Camille Paglia: Democrats ruined journalism, Clinton to blame for losing election, ‘I don’t see chaos’ with Trump in White House

During an interview on  Sean Hannity’s radio show yesterday, Camille Paglia destroyed Democrats, the media and journalists for their collusion and bias against Republicans and President Trump.

“It’s obscene,” Pagilia said. “It’s outrageous, OK? It shows that the Democrats are nothing now but words and fantasy and hallucination and Hollywood. There’s no journalism left. What’s happened to The New York Times? What’s happened to the major networks? It’s an outrage.”

 

Paglia called what she said the Democratic Party had done to journalism “absolutely grotesque” and warned it would take decades to recover.

“I’m a professor of media studies, in addition to a professor of humanities, OK?” she continued. “And I think it’s absolutely grotesque the way my party has destroyed journalism. Right now, it is going to take decades to recover from this atrocity that’s going on where the news media have turned themselves over to the most childish fraternity, kind of buffoonish behavior.”

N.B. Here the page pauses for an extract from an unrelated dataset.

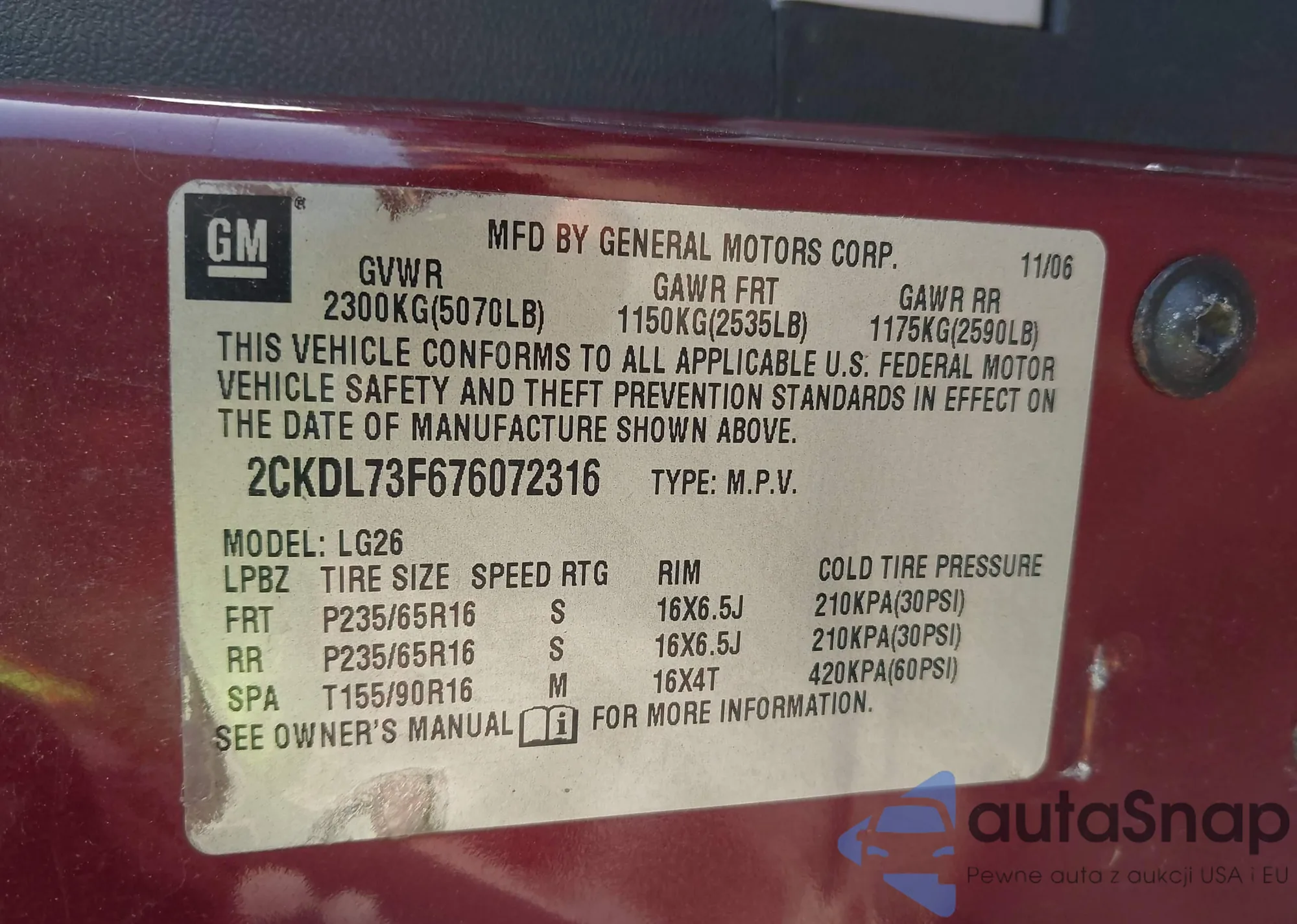 VIN: 2CKDL73F676072316

One prime example circulating is this photo from Tuesday night as CNN announced the winner of the Georgia special election: Republican Karen Handel.

biased journalists at CNN responding to Republican victory photo/screenshot

In her latest interview with the Weekly Standard, she speaks out on the 2016 election: “First of all, I must make my political affiliations crystal clear. I am a registered Democrat who voted for Bernie Sanders in the 2016 primary and for Jill Stein in the general election. Since last Fall, I’ve had my eye on Kamala Harris, the new senator from California, and I hope to vote for her in the next presidential primary.”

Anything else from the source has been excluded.